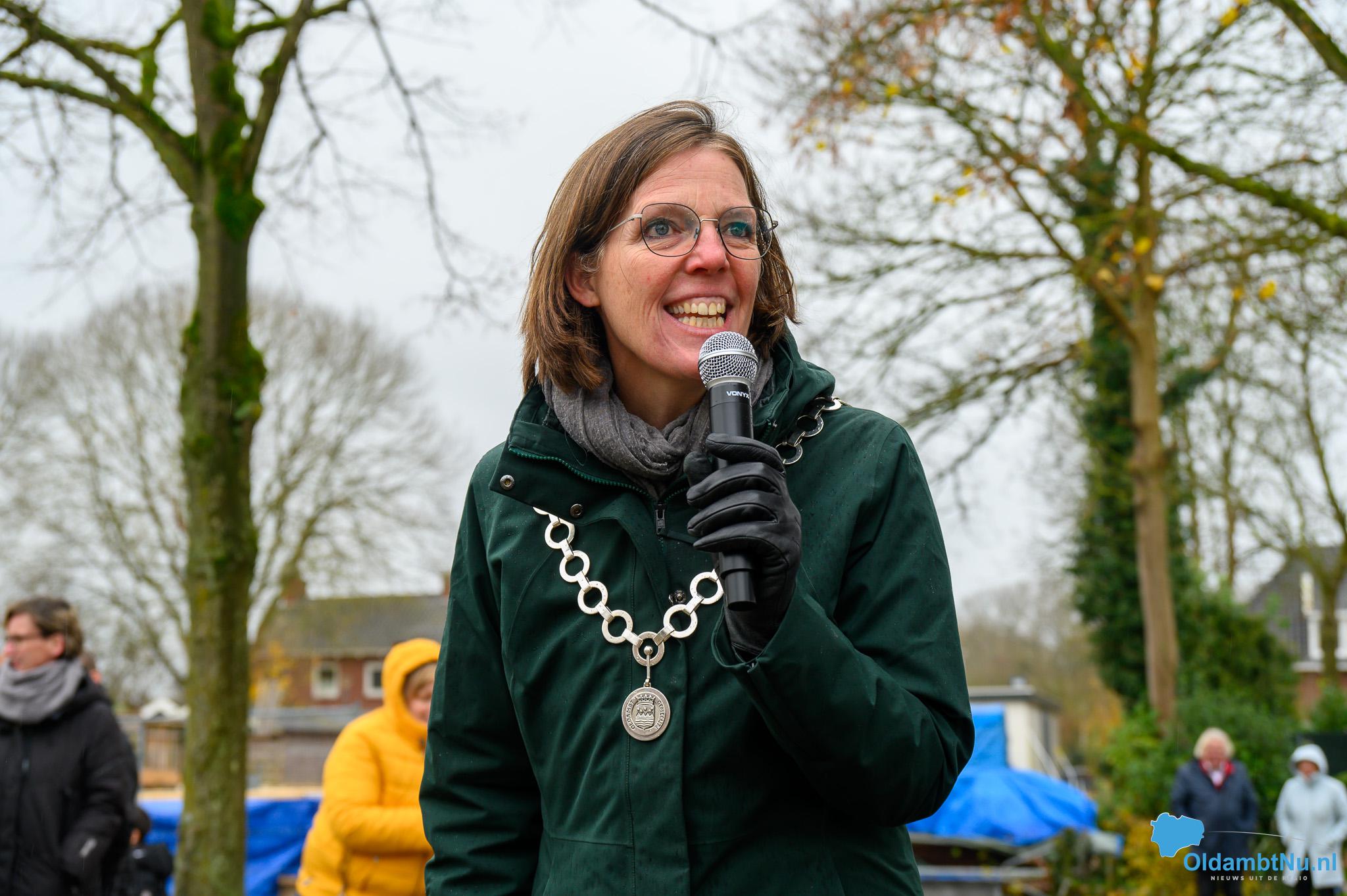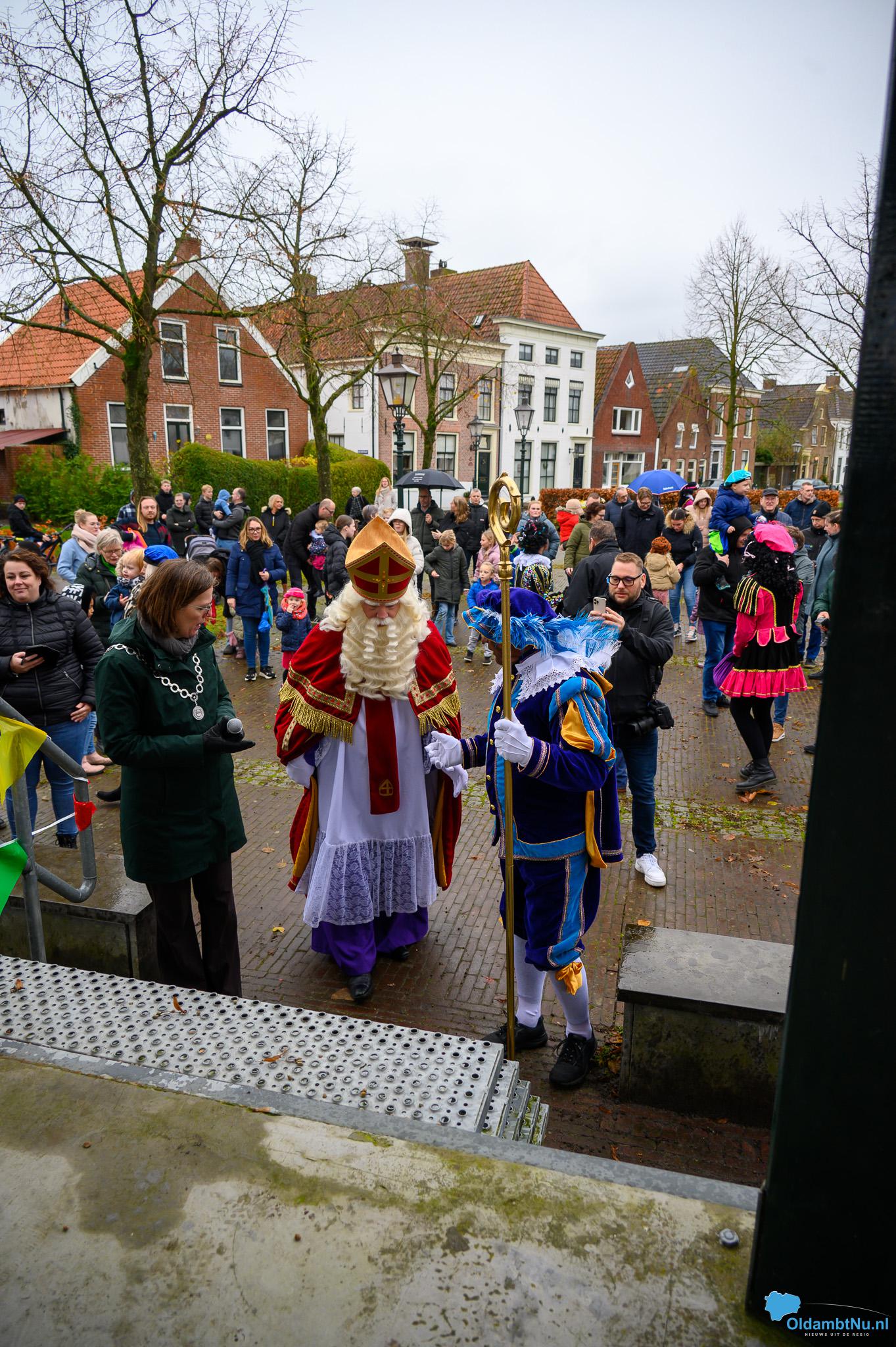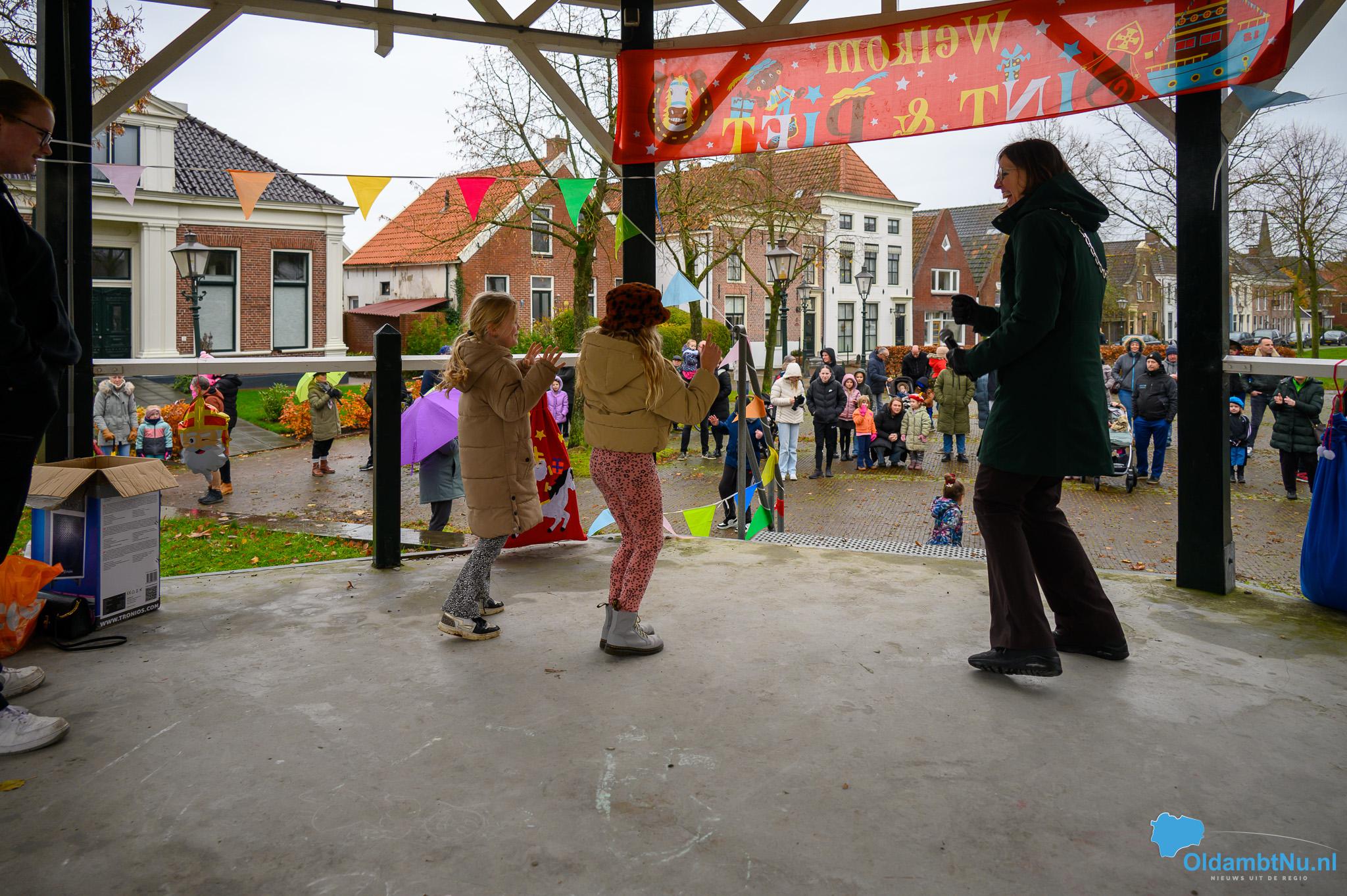 Bad Nieuweschans – Vorig jaar lukte het de Sinterklaas en z’n Pieten niet om Bad Nieuweschans aan te doen. Maar dit jaar werd het in een keer goed gemaakt. Met een groot gevolg en ook de burgemeester Cora-Yfke Sikkema die het publiek opzweepte om mee te zingen, waren ze met z’n allen duidelijk aanwezig bij de muziekkoepel om de goedheiligman in te halen.
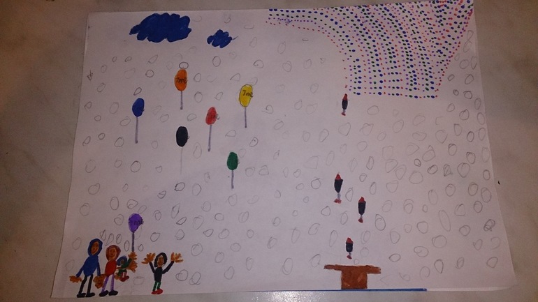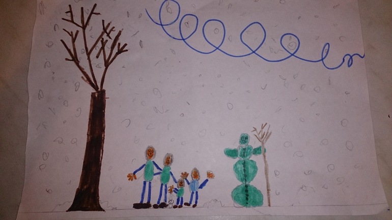 Согласна с комментарием ниже. В целом рисунки позитивные. Но мальчик побольше как-то отдельно от всей семьи. Побольше внимания ему уделяйте
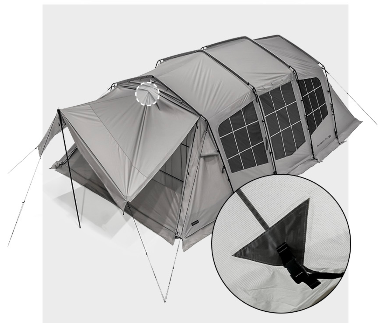 The Grandio House Tent is designed for campers who want real living space, not just a place to sleep. Its fully liftable front and rear panels open up the tent to create a wide, airy shelter that feels closer to a cabin than a tent. An adjustable lift pole system keeps the structure taut, even as temperature and humidity change.
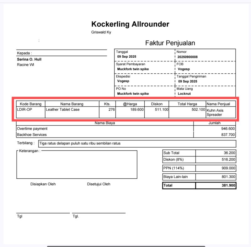 Berikut langkah-langkah untuk mengatur tinggi tabel dari detail item :

To do: Only the lines from the one that holds "The Grandio House" through the final line of the material should be reproduced, word for word, with the pictures omitted.

Written response:
 The Grandio House Tent is designed for campers who want real living space, not just a place to sleep. Its fully liftable front and rear panels open up the tent to create a wide, airy shelter that feels closer to a cabin than a tent. An adjustable lift pole system keeps the structure taut, even as temperature and humidity change.
 Berikut langkah-langkah untuk mengatur tinggi tabel dari detail item :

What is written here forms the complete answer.